* [Your assignment]: Below are records; the lines starting at the one with "Underground geology strongly" and ending at the one with "Figure 13.—Black bears" must be reproduced exactly, both included. Pictures must not appear.

(Stored records)
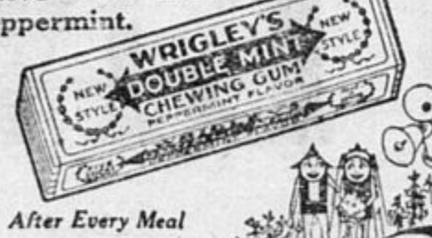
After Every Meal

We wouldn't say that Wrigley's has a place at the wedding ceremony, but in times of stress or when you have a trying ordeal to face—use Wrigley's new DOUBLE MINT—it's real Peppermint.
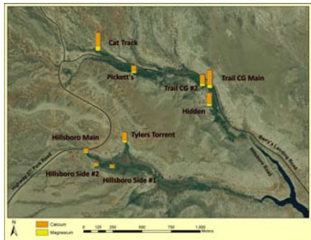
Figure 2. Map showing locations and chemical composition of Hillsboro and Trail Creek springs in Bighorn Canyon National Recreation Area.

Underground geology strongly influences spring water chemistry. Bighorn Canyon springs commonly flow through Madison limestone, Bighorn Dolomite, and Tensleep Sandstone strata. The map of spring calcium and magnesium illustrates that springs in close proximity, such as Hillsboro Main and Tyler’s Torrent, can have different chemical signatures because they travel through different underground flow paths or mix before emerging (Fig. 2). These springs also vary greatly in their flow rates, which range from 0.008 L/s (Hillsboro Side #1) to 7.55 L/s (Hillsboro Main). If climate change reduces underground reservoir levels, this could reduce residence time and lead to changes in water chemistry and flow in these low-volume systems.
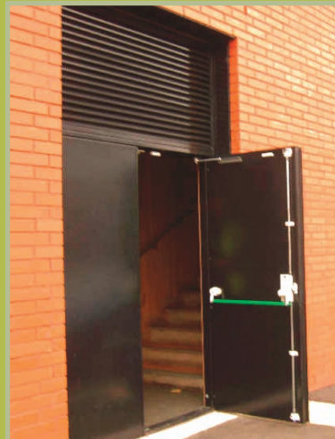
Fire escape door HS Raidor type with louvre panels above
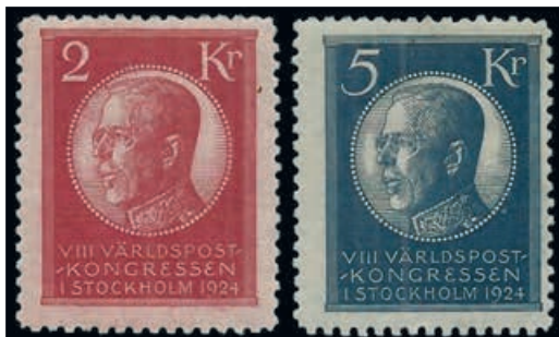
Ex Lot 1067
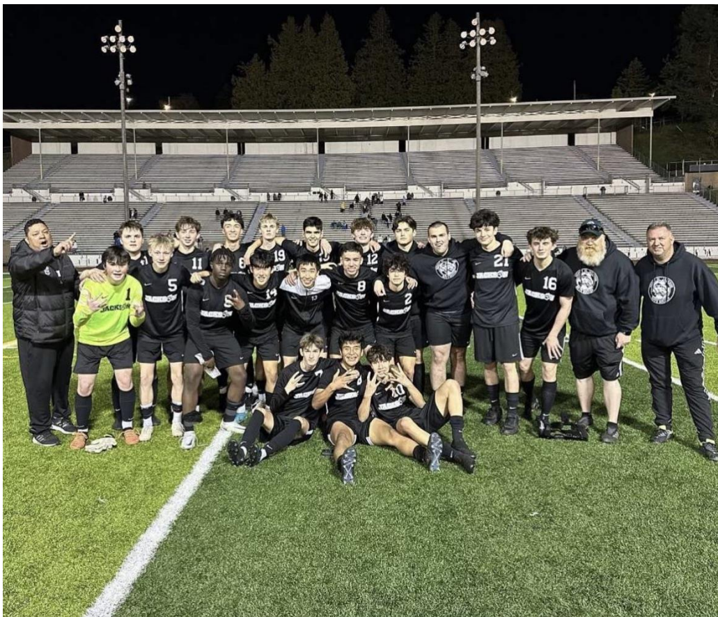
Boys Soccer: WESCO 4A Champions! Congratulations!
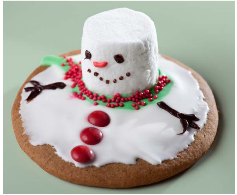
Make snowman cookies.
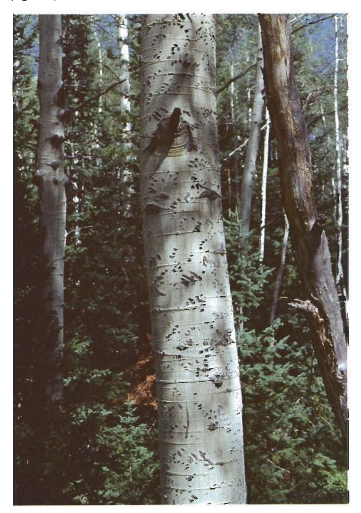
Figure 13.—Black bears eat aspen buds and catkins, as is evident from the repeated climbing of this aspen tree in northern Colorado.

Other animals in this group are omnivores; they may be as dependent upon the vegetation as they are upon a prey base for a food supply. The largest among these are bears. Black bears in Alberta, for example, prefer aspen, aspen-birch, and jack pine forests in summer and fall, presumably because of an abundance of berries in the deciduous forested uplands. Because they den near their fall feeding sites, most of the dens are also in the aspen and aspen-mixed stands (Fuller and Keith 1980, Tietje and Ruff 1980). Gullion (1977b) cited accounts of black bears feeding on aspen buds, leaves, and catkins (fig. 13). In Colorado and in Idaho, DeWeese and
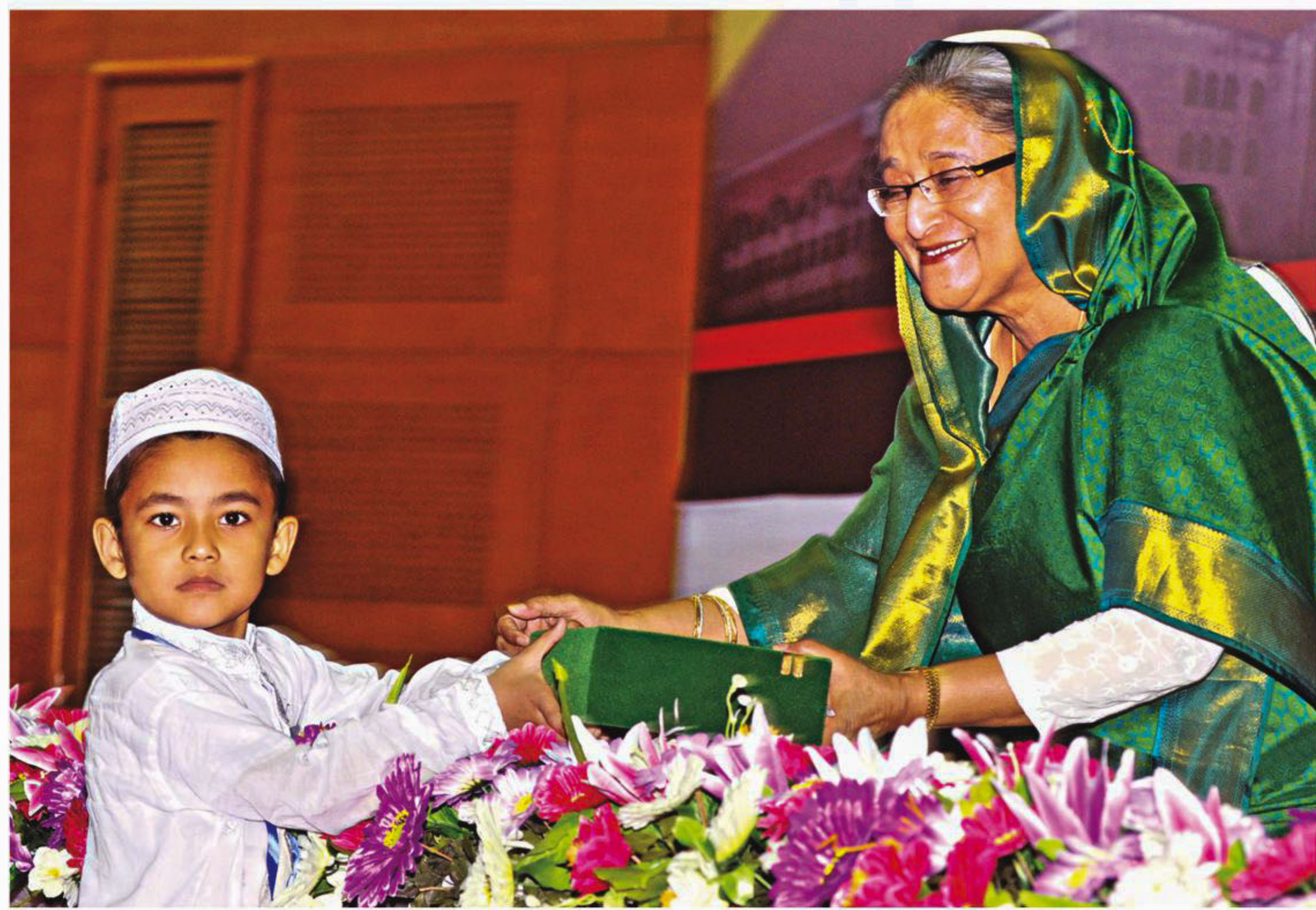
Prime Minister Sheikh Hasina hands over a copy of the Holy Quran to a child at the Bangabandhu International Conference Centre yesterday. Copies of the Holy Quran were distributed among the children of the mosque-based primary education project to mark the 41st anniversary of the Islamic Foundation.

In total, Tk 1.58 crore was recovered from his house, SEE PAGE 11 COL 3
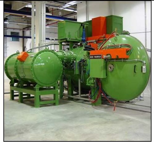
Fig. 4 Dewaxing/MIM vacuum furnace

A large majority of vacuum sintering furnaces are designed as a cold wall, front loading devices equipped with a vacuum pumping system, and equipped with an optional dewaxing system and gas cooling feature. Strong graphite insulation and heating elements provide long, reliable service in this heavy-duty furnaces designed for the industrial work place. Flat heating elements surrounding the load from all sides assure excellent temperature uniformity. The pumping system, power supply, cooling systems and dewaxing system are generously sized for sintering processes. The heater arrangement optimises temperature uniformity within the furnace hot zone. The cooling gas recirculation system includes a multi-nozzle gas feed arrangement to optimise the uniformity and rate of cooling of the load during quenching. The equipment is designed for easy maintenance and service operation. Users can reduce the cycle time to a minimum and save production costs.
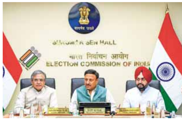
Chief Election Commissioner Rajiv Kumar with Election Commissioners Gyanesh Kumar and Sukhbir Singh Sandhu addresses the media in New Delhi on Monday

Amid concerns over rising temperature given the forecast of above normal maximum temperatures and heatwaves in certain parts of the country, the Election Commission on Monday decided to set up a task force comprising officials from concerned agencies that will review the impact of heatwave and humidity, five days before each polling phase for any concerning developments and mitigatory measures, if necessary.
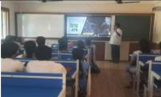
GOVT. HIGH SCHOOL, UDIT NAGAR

* [Exercise answer]:
Underground geology strongly influences spring water chemistry. Bighorn Canyon springs commonly flow through Madison limestone, Bighorn Dolomite, and Tensleep Sandstone strata. The map of spring calcium and magnesium illustrates that springs in close proximity, such as Hillsboro Main and Tyler’s Torrent, can have different chemical signatures because they travel through different underground flow paths or mix before emerging (Fig. 2). These springs also vary greatly in their flow rates, which range from 0.008 L/s (Hillsboro Side #1) to 7.55 L/s (Hillsboro Main). If climate change reduces underground reservoir levels, this could reduce residence time and lead to changes in water chemistry and flow in these low-volume systems.
Fire escape door HS Raidor type with louvre panels above
Ex Lot 1067
Boys Soccer: WESCO 4A Champions! Congratulations!
Make snowman cookies.
Figure 13.—Black bears eat aspen buds and catkins, as is evident from the repeated climbing of this aspen tree in northern Colorado.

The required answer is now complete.